** Opening Listed records block **
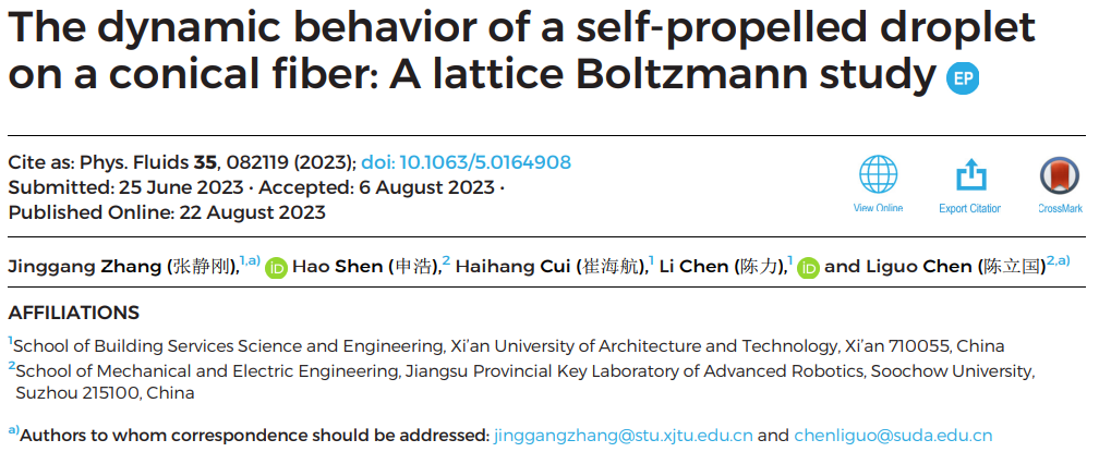 热工流力教学研究中心青年教师张静刚在流体物理领域研究取得重要进展。研究成果以“The dynamic behavior of a self-propelled droplet on a conical fiber: A lattice Boltzmann study”(液滴在锥形表面的自驱运动研究)为题在流体物理领域权威期刊《Physics of Fluids》(期刊中文名:流体物理学,2022年影响因子为4.6)上在线发表。论文因其新颖性和创新性被主编选为Editor’s Pick论文。论文的第一作者为桃子视频
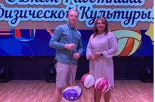 На торжественном мероприятии, посвящённом Дню физкультурника, учителю физической культуры гимназии Смоленцеву Г. Ю. вручили баскетбольные мячи по итогам школьного этапа Чемпионата ШВЛ "КЭС - БАСКЕТ"
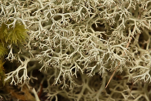 Cladonia portentosa f. portentosa. Подеции в верхней части сильно разветвлённые, жёлто-зеленоватые, образуют головковидные кустики. Встречается довольно редко, обитает в лесных массивах.
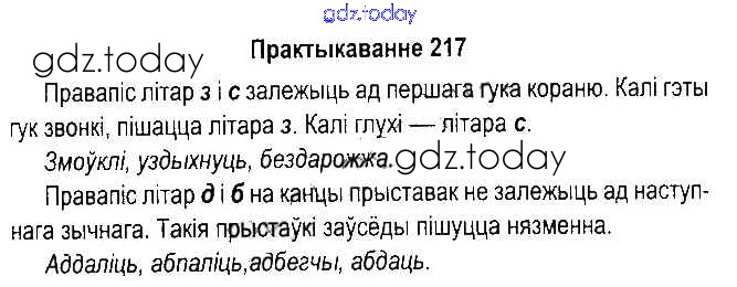На страницах сайта gdz.today вы найдете учебный и вспомогательный материал, направленный на улучшения знаний школьной программы. ГДЗ - онлайн мир знаний Рашальнік да часткі 2. Практыкаванні 217 Учебнику по Белорусскому языку для 5 класса Красней, Несцяровіч Национальный институт образования 2014
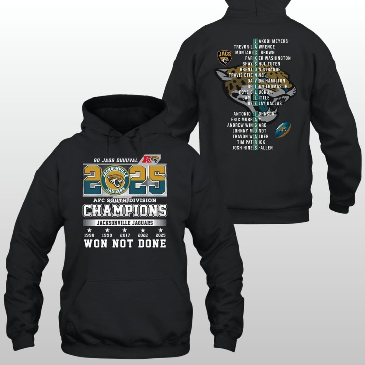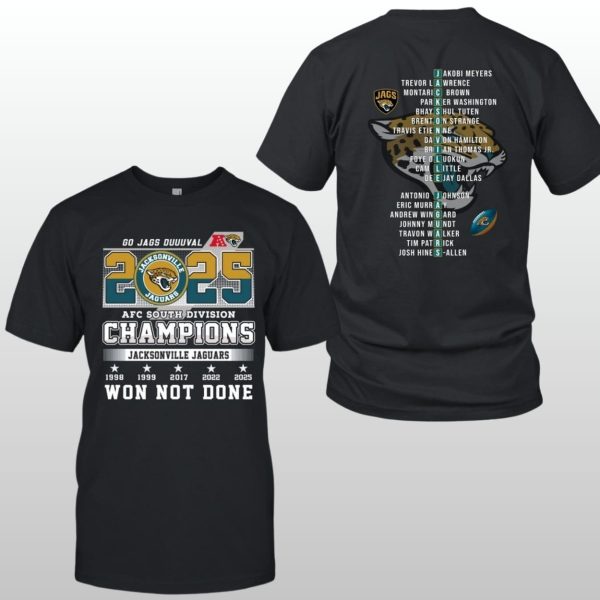 The front features a bold “2025 AFC SOUTH DIVISION CHAMPIONS” banner centered around the iconic Jaguars helmet and the “GO JAGS DUUUVAL” rally cry.
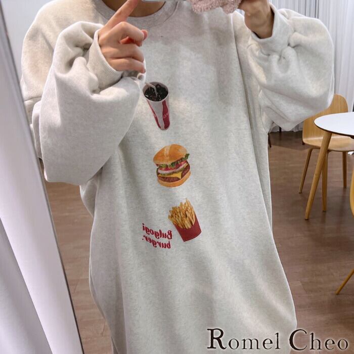 レトロ感あるファーストフードのプリントでゆるっと可愛くお洒落に着こなせるロングトレーナーになります。
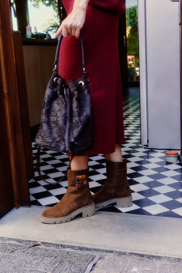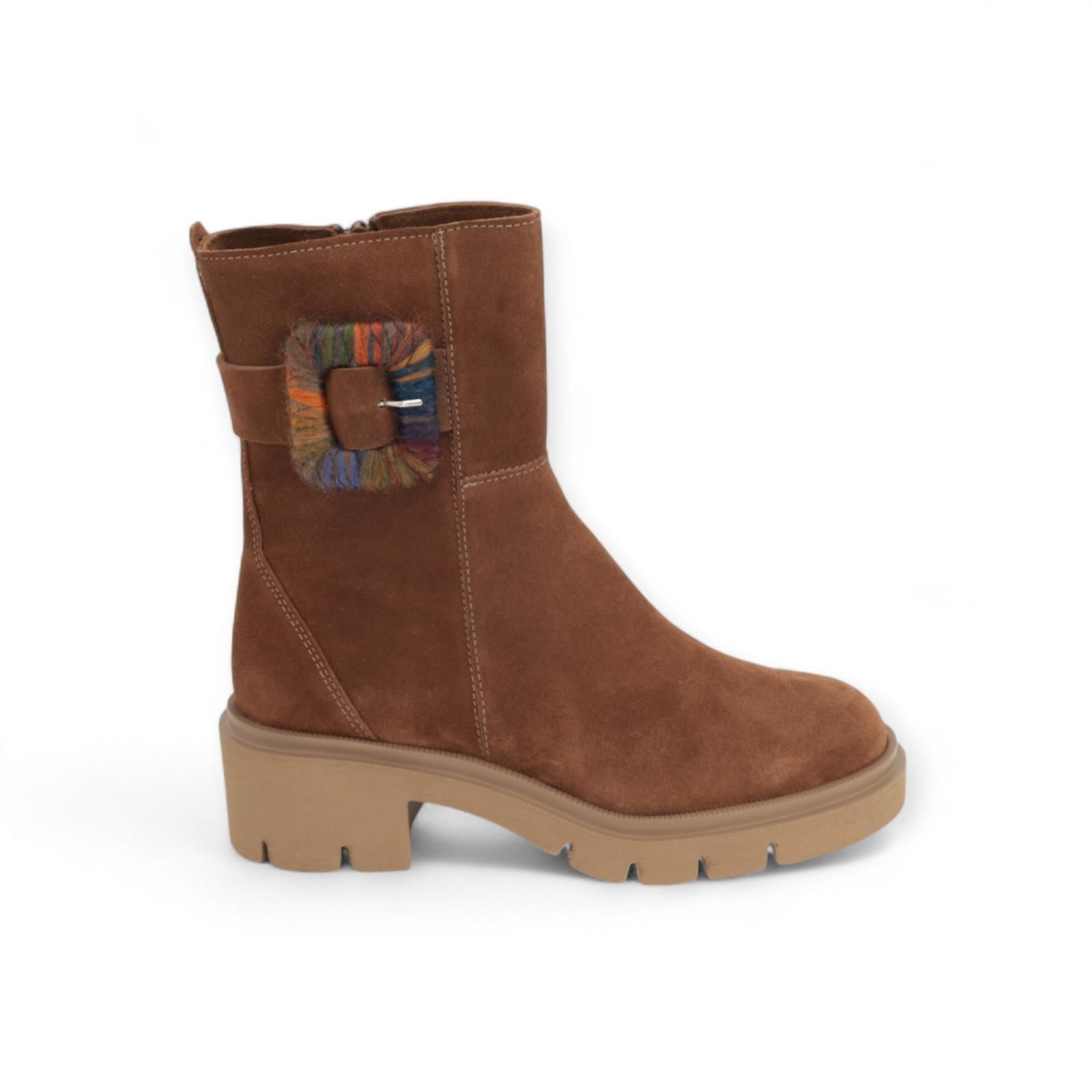 Enkellaars Valeria van Softwaves voor dames. Deze enkellaars is in cognac suède met een volledige ritssluiting. Is mooi afgewerkt met een gekleurde boekel aan de zijkant als accessoire. Heeft een ronde neus en een beige antislipzool met een blokhakje van 2cm hoog. De binnenzool is uitneembaar, ontdek het comfort van deze laars.
** Closing Listed records block **
### Exercise brief
Set down the records in full and exactly. Do not carry over any image.

### Output of the exercise
 热工流力教学研究中心青年教师张静刚在流体物理领域研究取得重要进展。研究成果以“The dynamic behavior of a self-propelled droplet on a conical fiber: A lattice Boltzmann study”(液滴在锥形表面的自驱运动研究)为题在流体物理领域权威期刊《Physics of Fluids》(期刊中文名:流体物理学,2022年影响因子为4.6)上在线发表。论文因其新颖性和创新性被主编选为Editor’s Pick论文。论文的第一作者为桃子视频
 На торжественном мероприятии, посвящённом Дню физкультурника, учителю физической культуры гимназии Смоленцеву Г. Ю. вручили баскетбольные мячи по итогам школьного этапа Чемпионата ШВЛ "КЭС - БАСКЕТ"
 Cladonia portentosa f. portentosa. Подеции в верхней части сильно разветвлённые, жёлто-зеленоватые, образуют головковидные кустики. Встречается довольно редко, обитает в лесных массивах.
На страницах сайта gdz.today вы найдете учебный и вспомогательный материал, направленный на улучшения знаний школьной программы. ГДЗ - онлайн мир знаний Рашальнік да часткі 2. Практыкаванні 217 Учебнику по Белорусскому языку для 5 класса Красней, Несцяровіч Национальный институт образования 2014
 The front features a bold “2025 AFC SOUTH DIVISION CHAMPIONS” banner centered around the iconic Jaguars helmet and the “GO JAGS DUUUVAL” rally cry.
 レトロ感あるファーストフードのプリントでゆるっと可愛くお洒落に着こなせるロングトレーナーになります。
 Enkellaars Valeria van Softwaves voor dames. Deze enkellaars is in cognac suède met een volledige ritssluiting. Is mooi afgewerkt met een gekleurde boekel aan de zijkant als accessoire. Heeft een ronde neus en een beige antislipzool met een blokhakje van 2cm hoog. De binnenzool is uitneembaar, ontdek het comfort van deze laars.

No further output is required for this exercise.